Rats in the house?

Hoping you take a few minutes to read each day.  For me, it’s at least 15 minutes in the morning with my first cup of tea, or just before falling asleep, and always on the bed because it’s more comfortable than a chair. How about you?

Current reading is Bill Bryson’s thoroughly enjoyable, funny and fascinating At Home, A Short History of Private Life. 

    • At Home: A short history of private life – Illustrated

From inside the cover, “…he began to consider how very little he knew about the ordinary things of life as found in that comfortable home. To remedy this, he formed the idea of journeying about this house from room to room to ‘write a history of the world without leaving home.’ The bathroom provides the occasion for the history of hygiene, the bedroom for an account of sex, death and sleep, the kitchen for a discussion of nutrition and the spice trade….showing how each has figured in the evolution of private life.”

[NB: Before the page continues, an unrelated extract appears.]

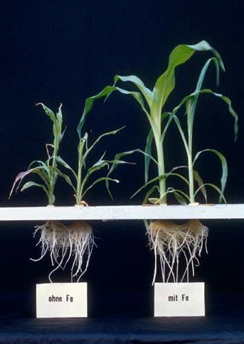 Symptomen van ijzer (Fe) gebrek beginnen op de jongere bladeren, plant vertoont chlorotische bladeren met strepen tussen de nerven. Als het gebrek ernstiger wordt verkleuren de nerven ook chlorotisch en ontstaat dwerggroei.
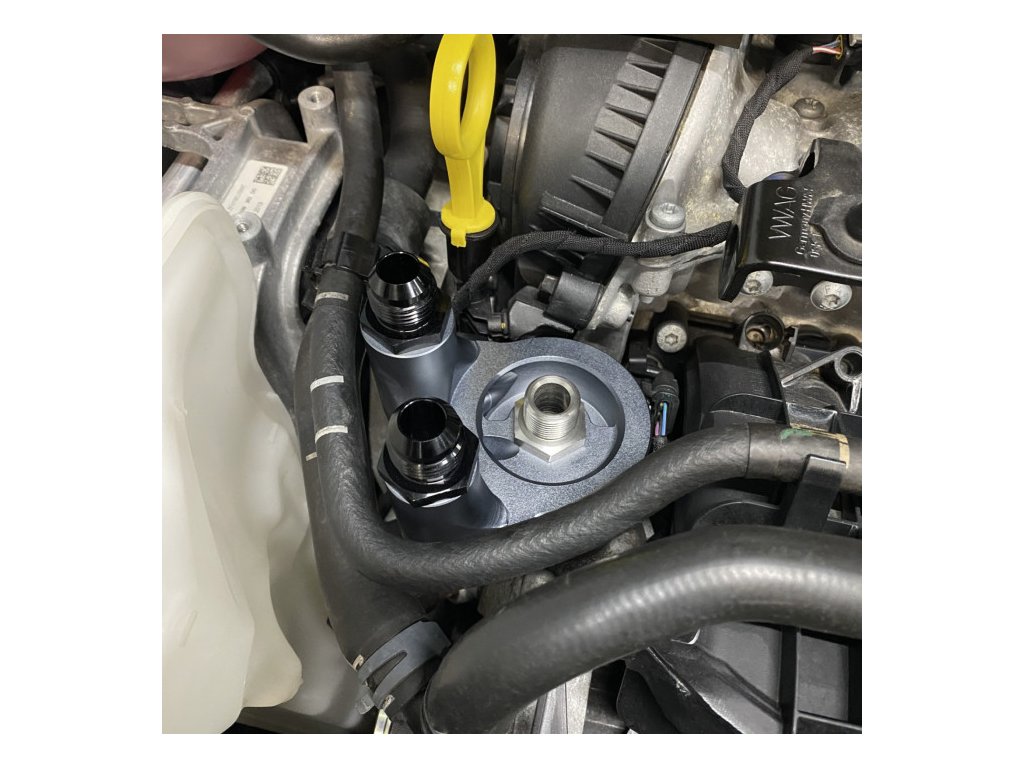 Díky předem smontovaným opleteným hadicím a hliníkovým fitinkům obsahuje tato komplexní sada vše potřebné pro jednoduchou instalaci. Pomocí vysokoprůtokových hadic AN10 pro vedení oleje z a do externího chladiče je sada vybavena také 90° přídavnou destičkou pod olejový filtr a distanční podložkou, která obsahuje vestavěný termostat. Ten zajišťuje, že olej začne proudit do externího chladiče teprve při dosažení požadované teploty (92 °C / 198 °F).

An interesting tidbit with all sorts of implications, from the chapter on Study (Store Room).

Rats are smart and work cooperatively.  At the former Gansevoort poultry market in Greenwich Village, New York, pest control authorities could not understand how rats were stealing eggs without breaking them, so one night an exterminator sat in hiding to watch. What he saw was that a rat would embrace an egg with all four legs, then roll over on his back. A second rat would then drag the first rat by its tail to their burrow, where they could share their prize in peace.